Reproduce every record below word for word and include no pictures.

Data items:
- - - -

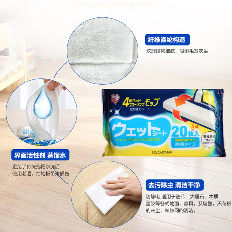 3 packs) Japan IRIS alcohol dust removal paper floor mop wipes disposable mopping mop wet wipes household
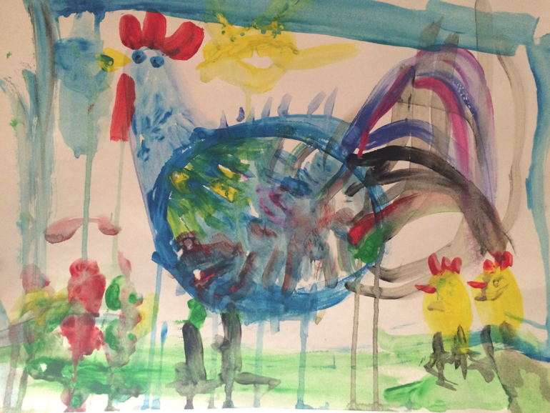 Нарисовал желанный автобус с гармошкой и за Елисея нарисовал животных и трактор с прицепом(хотя,оговаривали грузовичок)
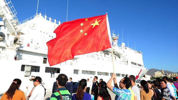西海軍駐馬拉加指揮官哈維爾,中國駐西班牙大使呂凡、國防武官金鷗,西海軍官兵、中國駐西班牙使領館工作人員和中資機構、留學生、華人華僑代表等在碼頭歡送。
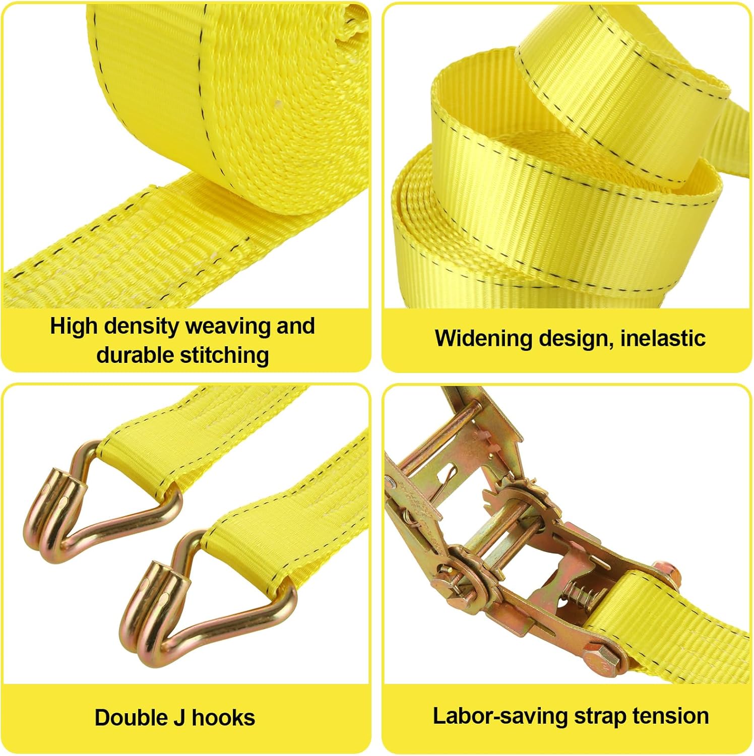 4 Pack 2 Inch Ratchet Straps Heavy Duty 20ft Tie Down Straps Ratchet with Double J Hook, 10000 LBS Break Strength, Cargo Ratchet Straps for Moving, Truck, Trailers, Motorcycles, Kayaks, Car Roof
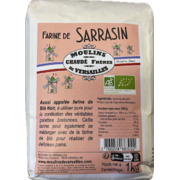 Farine de sarrasin (blé noir) BIO 1kgFarine de sarrasin de biologique aussi appelée farine de Blé noir, à utiliser pure pour la confection des véritables galettes bretonnes. Cette farine peut également se mélanger avec de la farine de blé pour réaliser de délicieux pains. |
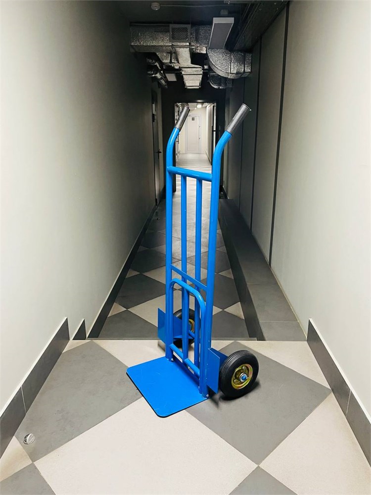 Тележка оборудована дополнительной раскладывающейся опорой для перевозки более габаритного груза. Хранить тележку можно в кладовке или гараже, и она не займет много пространства. Прочная и надежная — тележка станет незаменимым помощником для работников склада, в быту, при переезде, на даче и т.д.
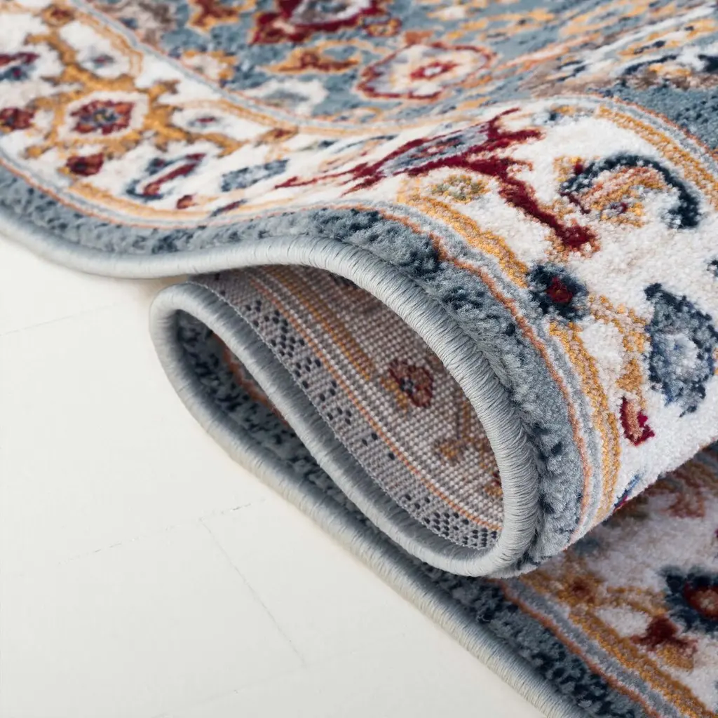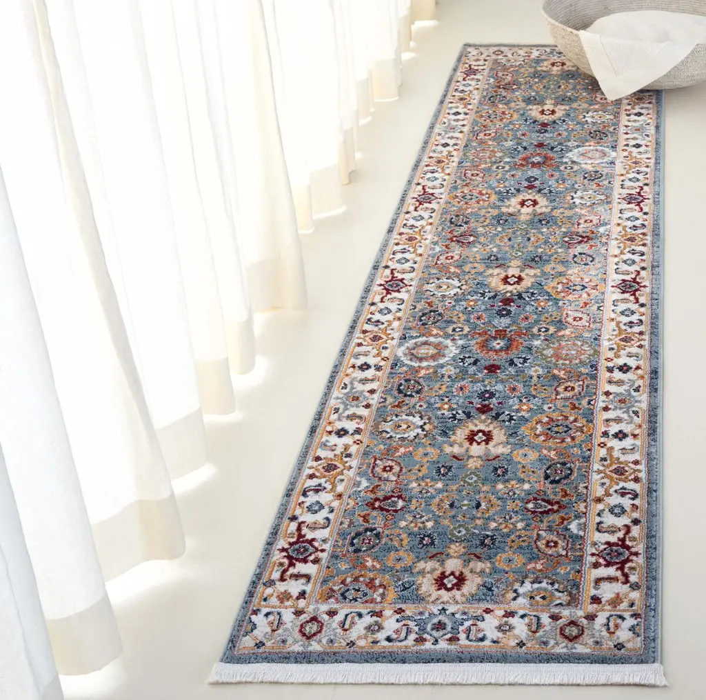 Elevate your hallway or entryway with our stunning Oriental runner rug. Measuring 2 by 8 feet and featuring a harmonious palette of ivory and blue, this exquisite piece brings a touch of tradition to any space. Crafted with precision using power loomed technique in Turkey, it combines 65% polypropylene, 30% cotton, and 5% polyester for a blend of durability and comfort. Its 3/8 inch height ensures a sleek profile while maintaining a soft underfoot feel. The intricate Oriental pattern adds a timeless elegance, making it a perfect choice for those seeking both style and functionality. Transform your home with the beauty of our traditional style rug today.
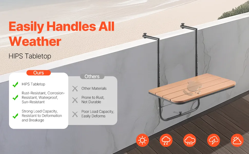 Durable & Rust-Resistant: Crafted with a high-quality HIPS tabletop, premium paint coating, and stainless steel brackets, this balcony railing table is designed to resist rust and corrosion. Built to withstand various weather conditions, it ensures reliable, long-lasting performance for outdoor use.

- - - -

• Exercise response:
 3 packs) Japan IRIS alcohol dust removal paper floor mop wipes disposable mopping mop wet wipes household
 Нарисовал желанный автобус с гармошкой и за Елисея нарисовал животных и трактор с прицепом(хотя,оговаривали грузовичок)
西海軍駐馬拉加指揮官哈維爾,中國駐西班牙大使呂凡、國防武官金鷗,西海軍官兵、中國駐西班牙使領館工作人員和中資機構、留學生、華人華僑代表等在碼頭歡送。
 4 Pack 2 Inch Ratchet Straps Heavy Duty 20ft Tie Down Straps Ratchet with Double J Hook, 10000 LBS Break Strength, Cargo Ratchet Straps for Moving, Truck, Trailers, Motorcycles, Kayaks, Car Roof
 Farine de sarrasin (blé noir) BIO 1kgFarine de sarrasin de biologique aussi appelée farine de Blé noir, à utiliser pure pour la confection des véritables galettes bretonnes. Cette farine peut également se mélanger avec de la farine de blé pour réaliser de délicieux pains. |
 Тележка оборудована дополнительной раскладывающейся опорой для перевозки более габаритного груза. Хранить тележку можно в кладовке или гараже, и она не займет много пространства. Прочная и надежная — тележка станет незаменимым помощником для работников склада, в быту, при переезде, на даче и т.д.
 Elevate your hallway or entryway with our stunning Oriental runner rug. Measuring 2 by 8 feet and featuring a harmonious palette of ivory and blue, this exquisite piece brings a touch of tradition to any space. Crafted with precision using power loomed technique in Turkey, it combines 65% polypropylene, 30% cotton, and 5% polyester for a blend of durability and comfort. Its 3/8 inch height ensures a sleek profile while maintaining a soft underfoot feel. The intricate Oriental pattern adds a timeless elegance, making it a perfect choice for those seeking both style and functionality. Transform your home with the beauty of our traditional style rug today.
 Durable & Rust-Resistant: Crafted with a high-quality HIPS tabletop, premium paint coating, and stainless steel brackets, this balcony railing table is designed to resist rust and corrosion. Built to withstand various weather conditions, it ensures reliable, long-lasting performance for outdoor use.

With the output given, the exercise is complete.